Let's circle back to that main unsafe block inside realloc for a bit, shall we? As a reminder, it looks like this:

// realloc
unsafe {
    // First set new length in the serialized data
    let ptr = self.try_borrow_mut_data()?.as_mut_ptr().offset(-8) as *mut u64;
    *ptr = new_len as u64;

    // Then set the new length in the local slice
    let ptr = &mut *(((self.data.as_ptr() as *const u64).offset(1) as u64) as *mut u64);
    *ptr = new_len as u64;
}

We've seen how we could have ran into all sorts of issues here, with the usage of slice layout details, the reborrow creating an unbounded lifetime, and the RefCell borrow not accurately representing the actual usage of its contents. We can do better than this.

First, let's deal with the RefCell borrowing issue. When we try_borrow_mut_data, we get a RefMut back, which represents our borrow of the RefCell's data. The fix here is simple: keep that RefMut around and use it to access the data, instead of using RefCell::as_ptr. Next, the slice; again, the fix is simple. Instead of attempting to modify just the length field, and resorting to using layout information to do so since Rust slices are immutable, we can simply construct a new slice reference and set that.

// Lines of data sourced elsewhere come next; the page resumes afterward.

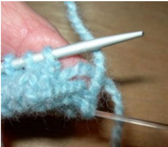
Cast on tail inside (8)

As you continue knitting around, place the cast on tail first to the inside of your knitting, and next round place it on the outside of your knitting. (Picture 8 and 9)
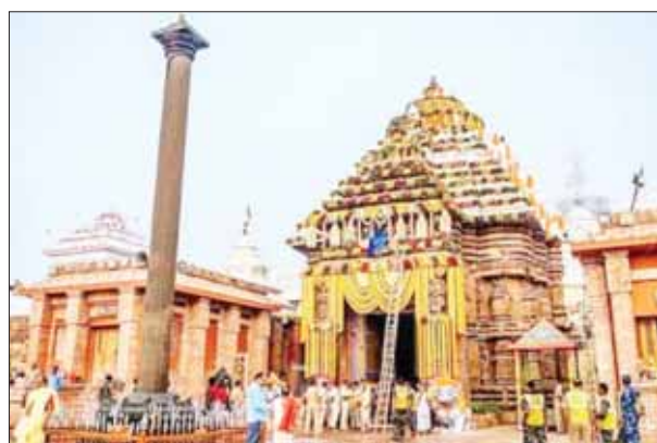
tech gadgets and other equipments to conduct a detail assessment and inspection inside the inner chamber of Ratna Bhandar.

PNS ■ PURI With mystery and a lot of apprehensions surrounding the presence of a 'secret tunnel' in the Jagannath Temple's Ratna Bhandar (treasure trove), a high-level team of the Archaeological Survey of India (ASI) on Wednesday started a preliminary inspection work for the purpose. A team of 26 experts from CSIR-NGRI under the supervision of Additional DG of ASI are involved in the inspection work. The inspection will be undertaken using high-
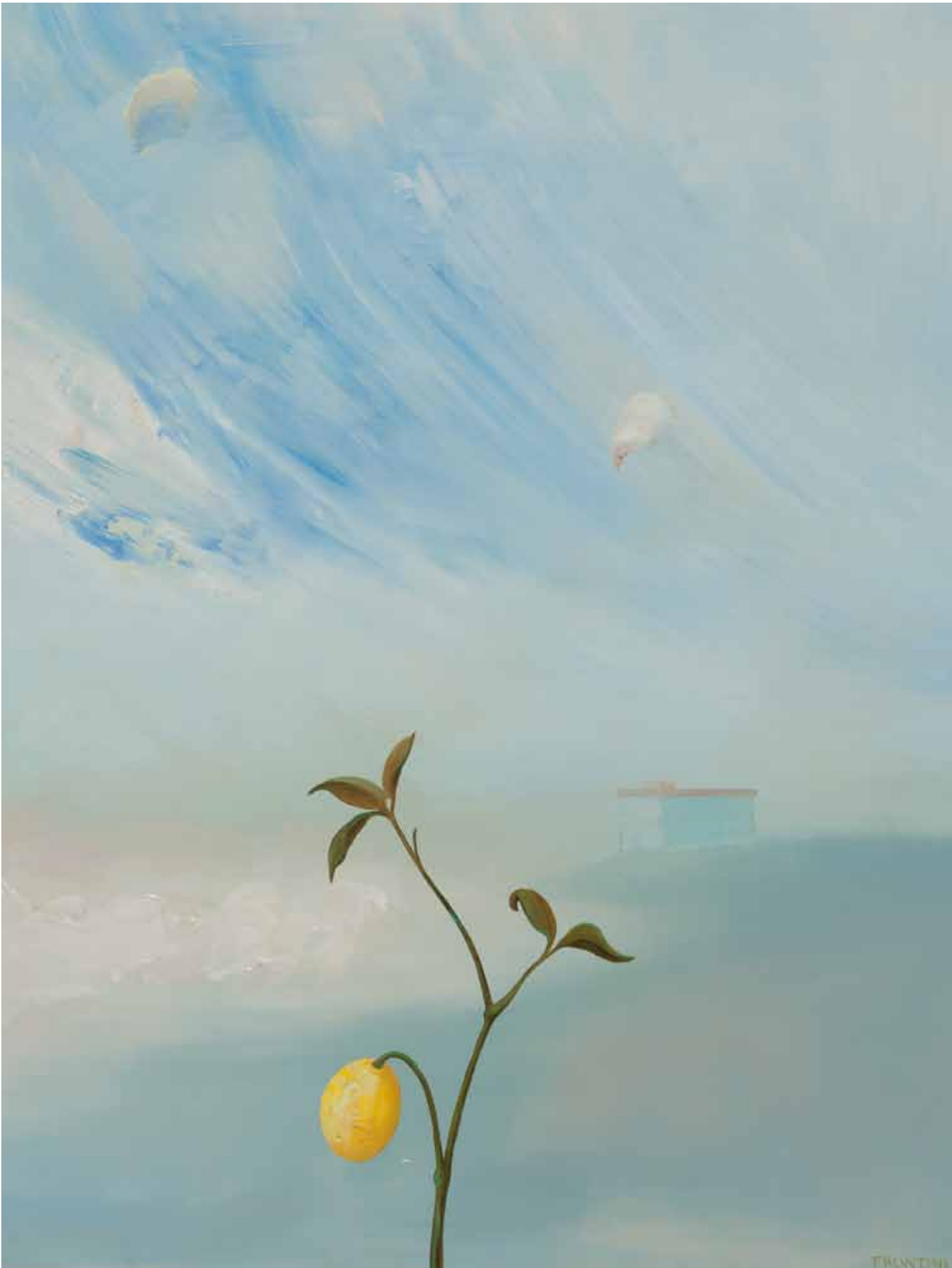
Cumquat, 2013, oil on panel, 14”x 11”
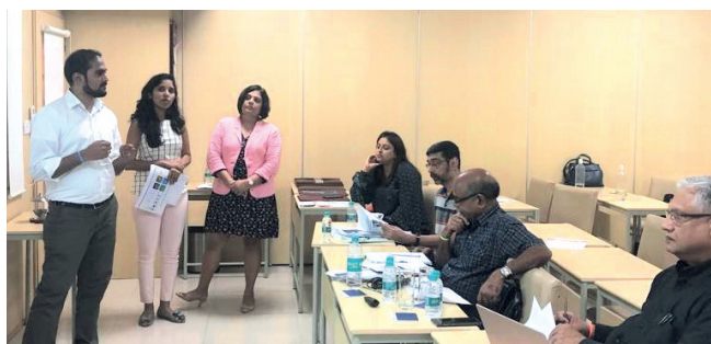
Final Capstone presentation for the EBMP Mumbai Batch 2018 – 2019

On 15 th and 16 th , December 2018, the 5 th EBMP Pune Batch 2018 as well as the 9 th EBMP Mumbai Batch 2018 – 2019 on 3 rd August 2019 presented several interesting topics.
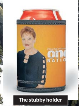
The stubby holder
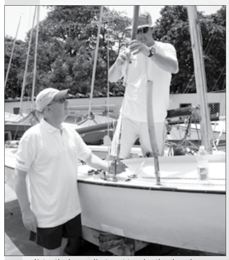
Note: the lever adjustment to relax the shrouds

Lindy made sure that we were on schedule for the purpose of our trip...supporting the Lightning sailors. We arrived at the Lagos Yacht Club precisely at 1:00 PM to more rain. It subsided enough that we were able to tune more boats and even go for a brief sail (both Steve and I had been in motor boats exclusively until this point). After our sail, we reviewed the video from the previous day and previewed today's drills.
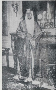
THE CROWN PRINCE OF SAUDI ARABIA. —Crown Prince of Saudi Arabia during his journey to London.
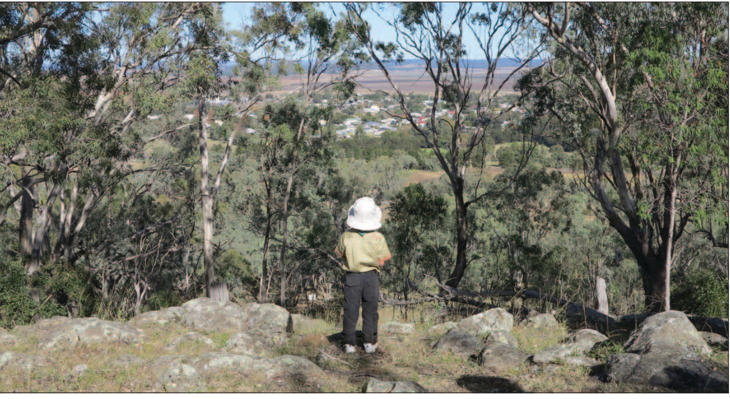
Looking down at Allora town from the top of Allora Mountain Flora and Fauna Reserve

To assist the Group meet the annual cost of the lease, they have started a Crowdfunding site. If you would like to assist in
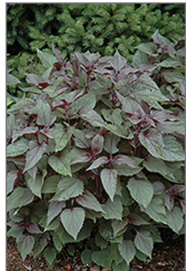
Chocolate Boneset foliage
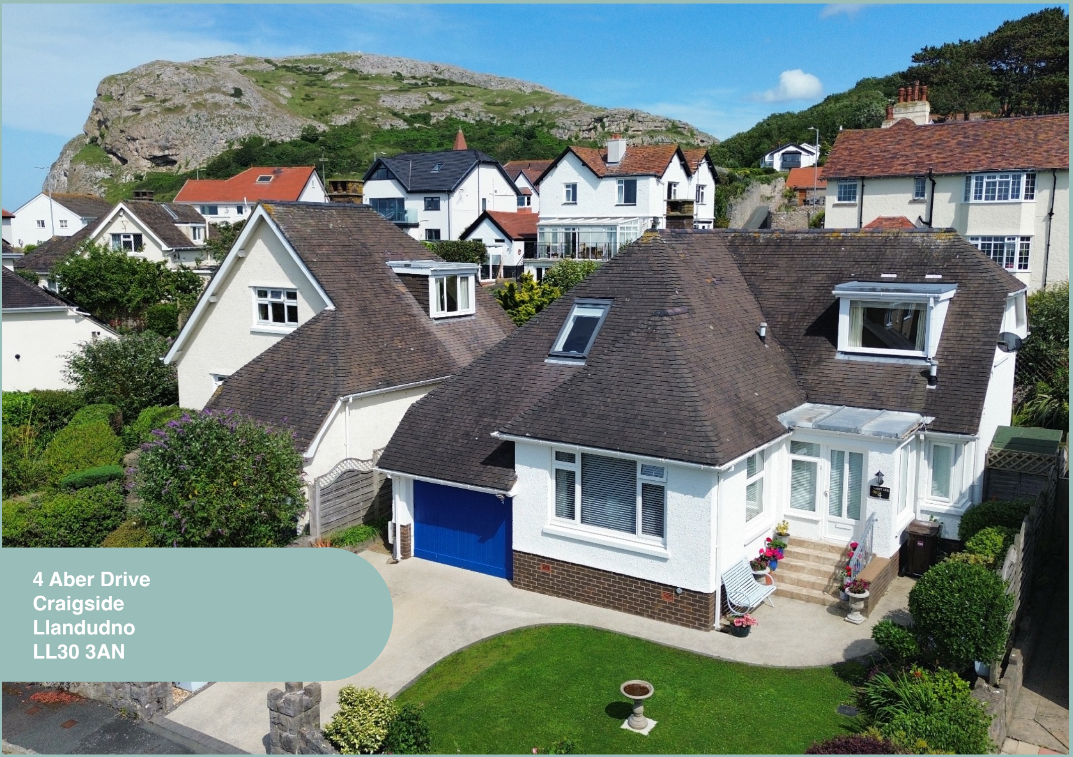
4 Aber Drive Craigside Llandudno LL30 3AN
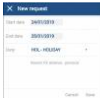
Adding new request

We have added an option enabling the crew members to request duties via the Mobile App. The request will immediately on the Crew roster, so that the Crew Planner can either accept the request or reject it.
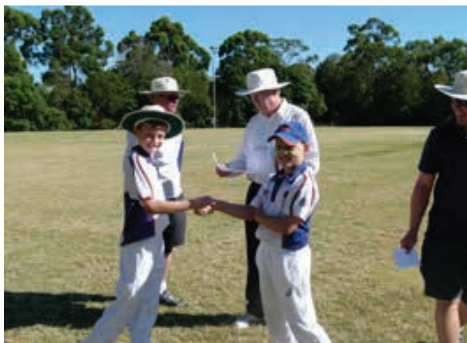
U11 Grand Final, Green and Blue Captains
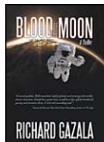
Blood of the Moon, A Thriller -- Front Cover
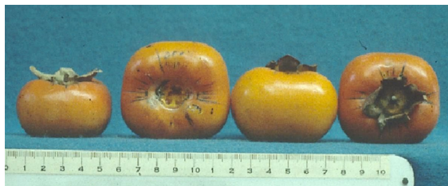
Figure 26. 'Great Wall' cultivar.

'Great Wall' is a strong-growing, small, 4-sided fruit (Figure 26). The flesh is dry, similar to 'Tanenashi', but of excellent quality. It grows on an upright tree.
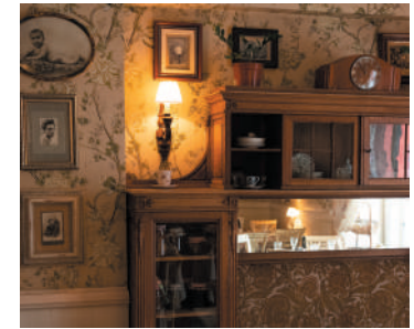
▲ MARI VANNA
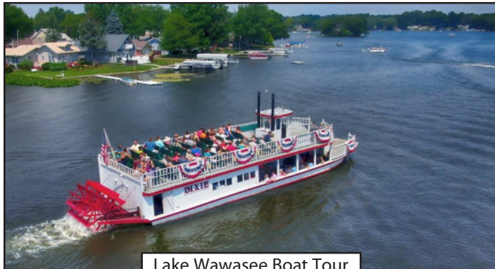
Lake Wawasee Boat Tour

Presented by: Frenchtown Center for Active Adults
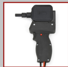
Very small and lightweight jetting pistol
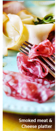
Smoked meat & Cheese platter

For your chance to win a £50 M&S Gift Card each week
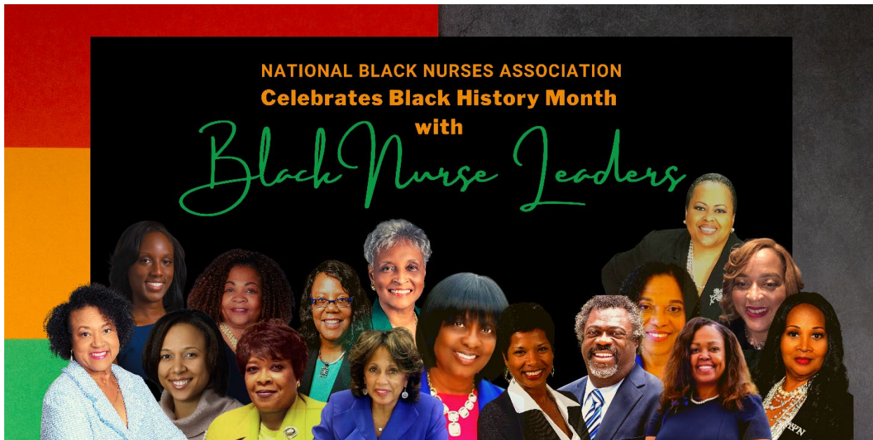
Photo Caption 2: Featured Black History Month 2022 Black Nurse Leaders
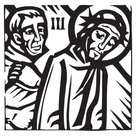
SIMON OF CYRENE HELPS JESUS CARRY THE CROSS
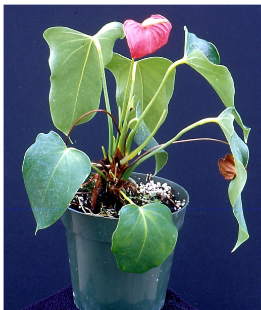
Figure 11. Anthurium wilt caused by Phytophthora .

Both Phytophthora and Pythium are called “oomycetes,” commonly known as water molds. The control, spread, and management recommendations for Phytophthora and Pythium infestations are the same. Plants infected with either of these pathogens exhibit wilting, leaf yellowing (chlorosis), and root dieback (Figure 11).
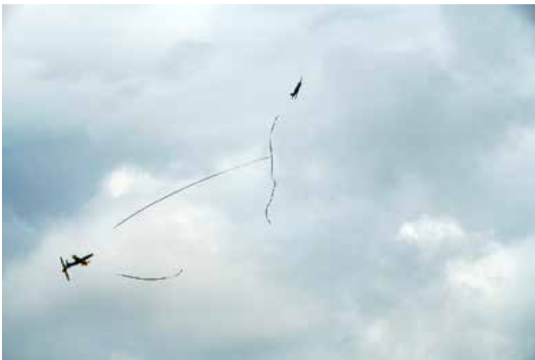
Some Scale 2948 action.
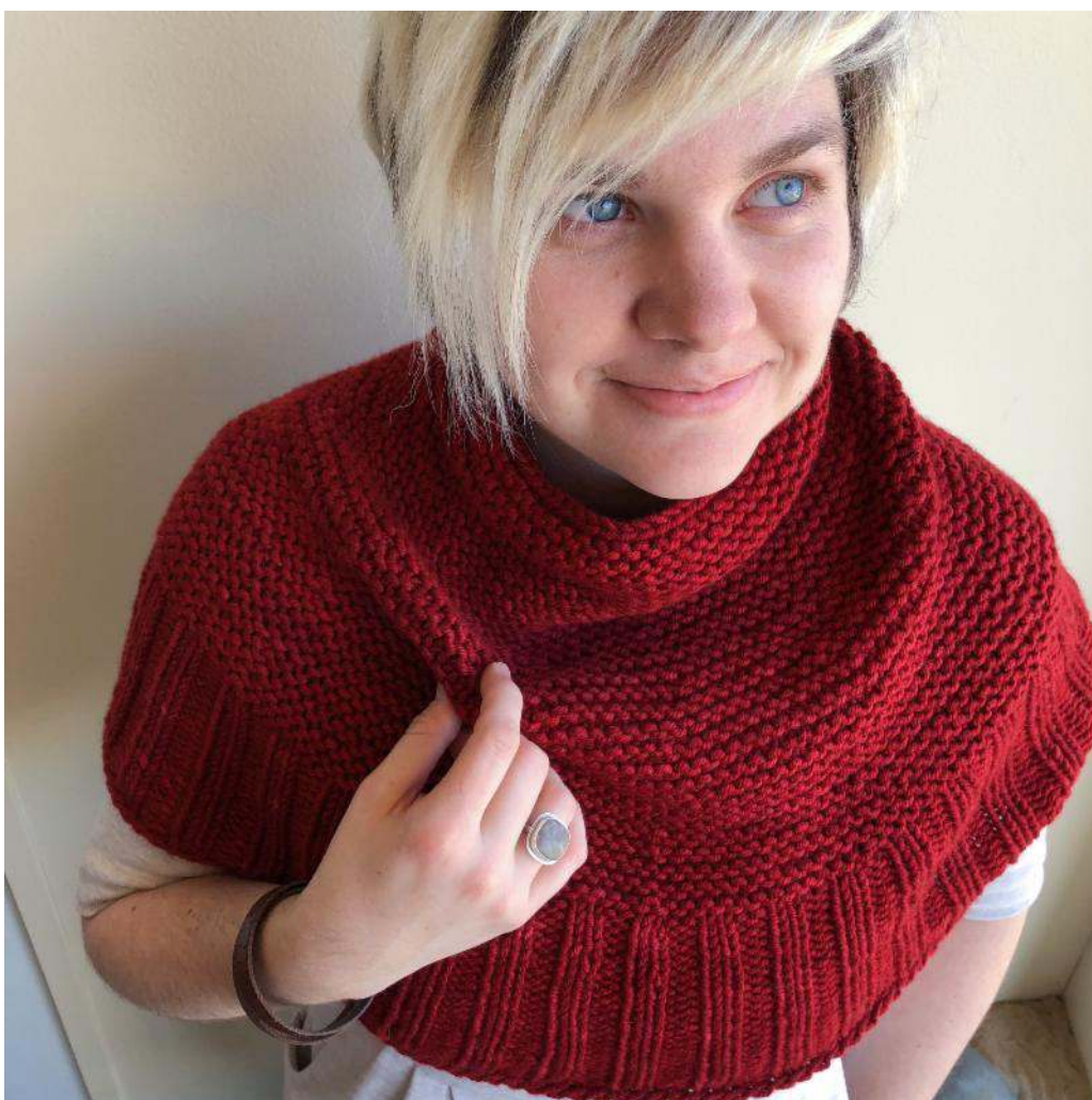
Getting Warmer, a NEW kit, knit with 3 skeins of Plucky Knitter Snug in M- 22
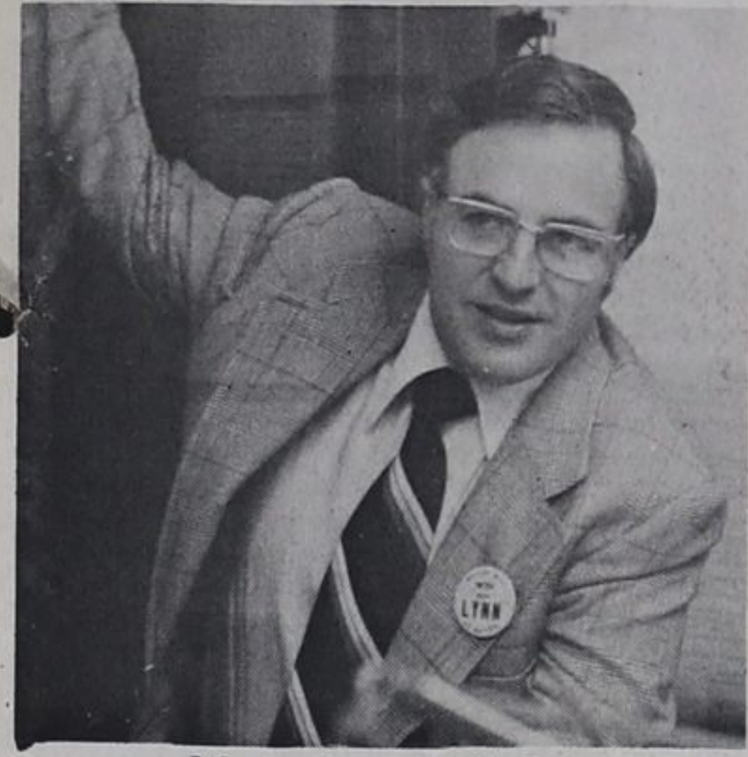
Now hear this This is your mayor speaking
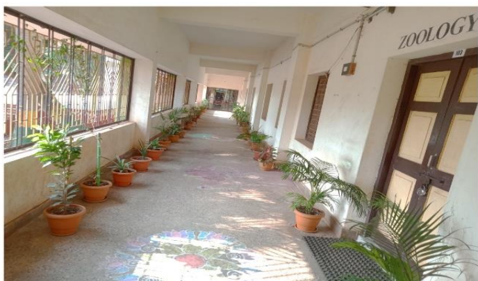
Dept. of Zoology
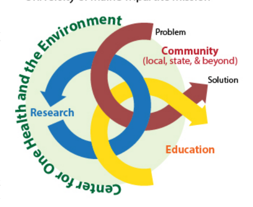
University of Maine Tripartite Mission

Although we were requested to submit separate research and educational proposals, this initiative is specifically designed to meet the tripartite mission of the land grant university of research AND teaching and outreach. The research focus is aimed at addressing critical emerging issues for the state and beyond related to plant, animal, and human health impacted by climate and other environmental factors affecting ecosystem change, of relevance to all of the major industries and constituencies within the state. As we build in this area in the future, we have specifically identified key positions that both: a) provide pivotal expertise for synergizing collaborations across biophysical and social science research faculty addressing these issues, and b) also meet critical teaching need in high demand programs in health sciences. Our
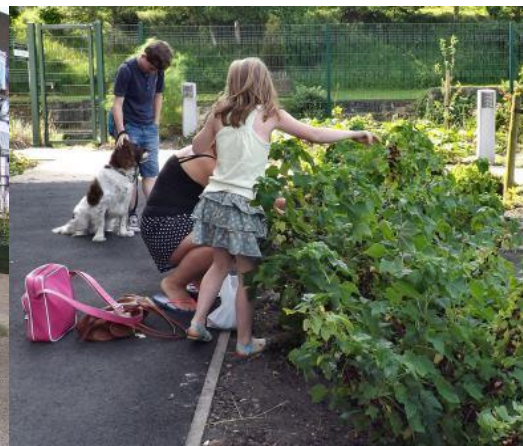
Figure 11: unknown family picking blackcurrants
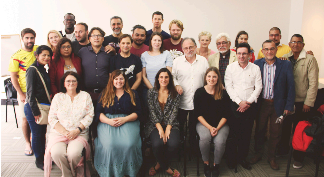
Delegates with Colombian lawyers at the closing session of the International Caravana in Bogota

The International Caravana of Jurists is the embodiment of the international legal community's concern and solidarity with human rights lawyers and other human rights defenders in Colombia.
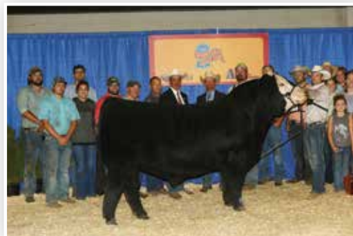
Lot 105 - JMG VOYAGER4242D
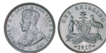
1504* George V, 1917M. Considerable mint bloom, uncirculated. $200
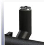
Dialed Damper System
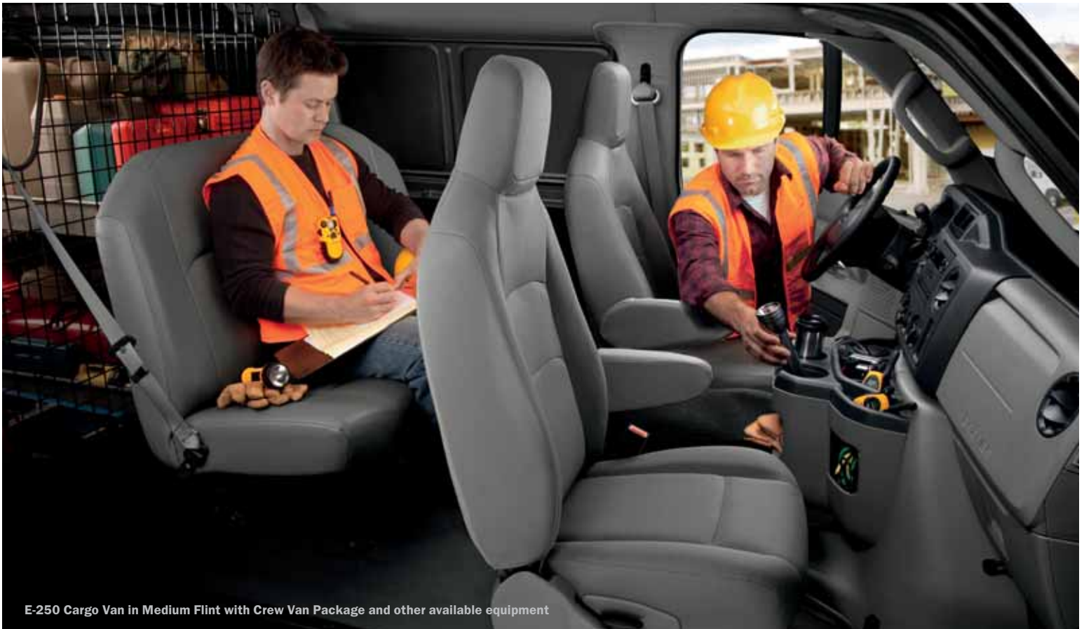
E-250 Cargo Van in Medium Flint with Crew Van Package and other available equipment

Equip your E-Series Cargo Van with the available CREW VAN PACKAGE to carry PEOPLE AND GEAR with ease. Up front, the roomy 2nd-row vinyl bench seat with 3-point, seat-integrated safety belts creates room for a CREW OF UP TO 5 . The seating area is finished similar to that of a Wagon with a partial headliner, full B-pillar trim panels, polypropylene side door-trim panels, a lower trim panel behind the driver's seat, and a convenient pull handle on the 40% portion of the side door. RUGGED VINYL FLOOR COVERING runs throughout the front and rear sections. A sturdy, METAL-MESH BULKHEAD divides the 2 spaces. And the passenger-side rear door gets a pull handle in the cargo area to help make quick work of equipment transfers.
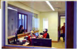
Student workers in the College Activities Office assist a patron.
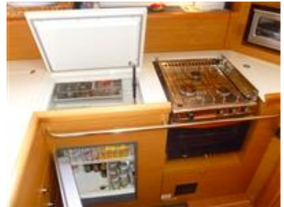
Galley area (Note, two separate fridges)
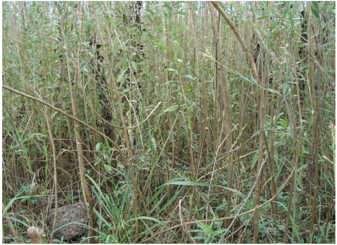
Forb dominated communities are typically open at ground level, which aids in chick movement and foraging, and provides escape cover.
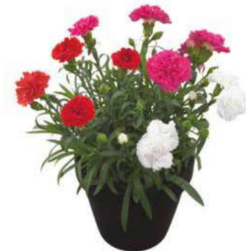
Cirque Corteo® 'HILCIRCORT' NEW

Cirque®, a swirling show of three colours in one pot! The Cirque plug contains three cuttings of different colours in one plug, you only need to transfer one plug into a pot. Cirque will bring you convenience in culture. The combinations are selected on their uniform growth and flowering. When flowering, this Dianthus turns into a swirling show of colours. We have three beautiful combinations available from week 10 to 25.
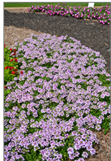
Lanai Twister Purple Verbena in bloom
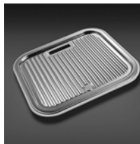
AC63 Stainless Steel Tray
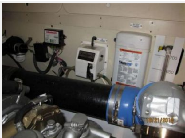
Oil Change System
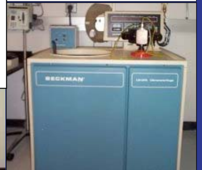
Unsaturated Flow Apparatus
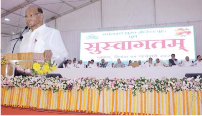
Mr. Sharad Pawar, Hon. President, VSI, addressing Annual General Meeting
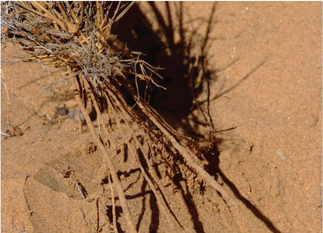
Plate 7: Stipagrostis (speargrass) rhizosheaths
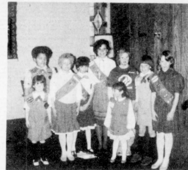
Greeting the parishioners at Peace Church.
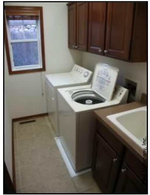
33rd Company, Inc.

The Rust compiler4 is smart enough to realize that the only thing changing is the length field, and so only emits the code to set the length5. So then we get:

let mut slice = self.try_borrow_mut_data()?;

// First set new length in the serialized data
let ptr = unsafe { slice.as_mut_ptr().offset(-8) } as *mut u64;
unsafe { *ptr = new_len as u64 };

// Then set the new length in the local slice
*slice = unsafe { std::slice::from_raw_parts_mut(slice.as_mut_ptr(), new_len) };

No more pointer casting except for the one place that actually needs it (since the ABI for the serialized buffer uses a u64 and not a usize for the size field, given that usize is architecture-dependent), and no dependency on slice reference internals!6

Footnotes

  1. I find it helpful to view owning an Rc<T> as holding a shared reference to the underlying T (stored in the magical land of I-don't-need-to-care-about-this-object-not-living-long-enough known as the heap). Owning the reference ensures that the actual data stays alive, however all you have is a reference to the T (through the Deref<Target = T> impl) - not ownership of the T. In short, owning an Rc<T> is owning a (shared, read-only) reference to T, not owning T directly like with Box<T>.
  2. !Send + !Sync
  3. Note that this is a terrible idea for yet another reason: AccountInfo is not declared with #[repr(C)], meaning that, once again, we're dealing with no layout guarantees. But thanks to the power of blockchain, fixing this ABI interface breaks the entire chain since old contracts will no longer work. So, we're stuck with cobbling together some kind of interface to the specific layout of the specific rustc versions used to build on-chain code for all eternity...
  4. Actually, it's LLVM that does the optimization
  5. Click here for a Compiler Explorer link showing this - note that the code for both implementations is almost identical. And yes, it's x86_64 and not eBPF, but unfortunately Compiler Explorer doesn't have Rust libcore available for other architectures yet.
  6. The astute reader may have noticed that from_raw_parts_mut still returns an unbounded lifetime (notice in the signature unsafe fn from_raw_parts_mut<'a, T>(data: *mut T, len: usize) -> &'a mut [T], the lifetime parameter 'a does not appear in the arguments). However, we immediately constrain the lifetime by assigning it to *slice, which is &'info [u8] (where 'info is the lifetime parameter of the AccountInfo struct) - this is exactly the lifetime we started with.